The Leuser Ecosystem on the island of Sumatra in Indonesia—home to Sumatran orangutans, elephants, tigers, and rhinos—is the last place on Earth where these critically endangered species coexist in the wild. For over a decade, this biodiversity hotspot has also been a battleground between aggressive palm oil expansion and community-driven forest protection.

The new report chronicles how RAN helped spark a global reckoning in corporate supply chains, exposing deforestation, mobilizing consumer campaigns, and pushing more than 200 companies to adopt “No Deforestation, No Peat, No Exploitation” (NDPE) policies. It also details the rise of jurisdictional conservation programs, like those in Aceh Tamiang and Aceh Timur, where collaborative efforts between governments, civil society organizations, communities, brands, and traders have driven measurable forest protection and restoration.

“The Leuser is more than just a rainforest—it’s a living blueprint for how we can transform destructive commodity supply chains into engines for conservation and community conflict resolution,” said Gemma Tillack, Forests Policy Director at Rainforest Action Network. “This report proves that real change is possible when brands and traders go beyond paper promises and invest in lasting, rights-based landscape solutions. The lessons learned here must now be adapted to other unique landscapes and scaled across other forest-risk commodities.”

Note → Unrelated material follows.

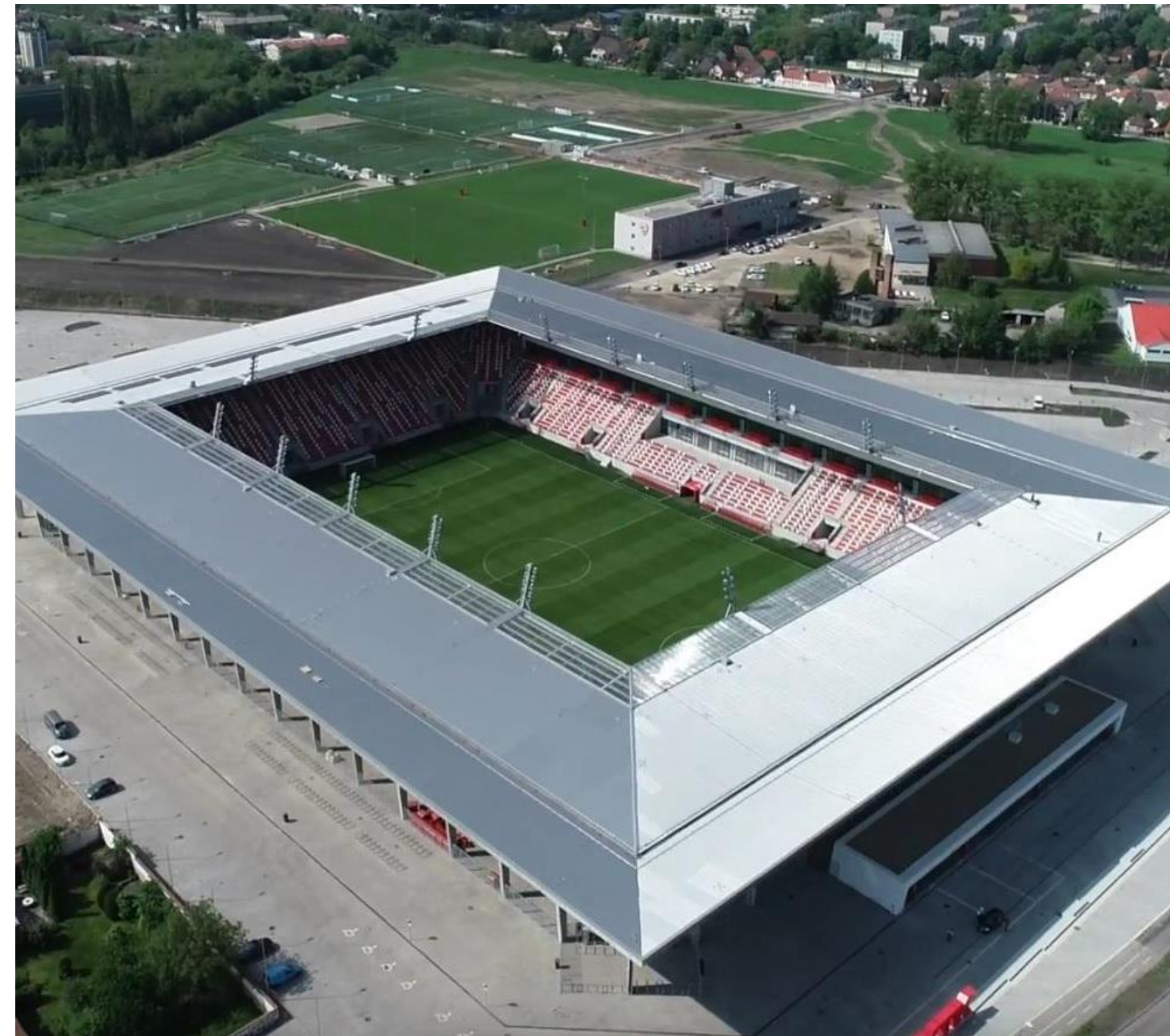
5. DVTK Stadion és sporttelep (közösségi PV)

a tanulmányban beazonosított miskolci fókuszpontok bemutatása közösségi szempontból

The report also comes as companies prepare to comply with new regulatory standards, including the EU Deforestation Regulations (EUDR), which demand unprecedented levels of supply chain traceability and accountability. RAN’s findings reveal that corporate investments in traceability, collaborative forest monitoring, and smallholder inclusion are delivering results—but only when matched with consistent pressure and follow-through.

RAN is calling on major brands and traders to take the next step by scaling up their commitments and investing in proven jurisdictional models—grounded in Indigenous rights and environmental justice—to halt deforestation not just in the Leuser Ecosystem, but across tropical forest regions globally.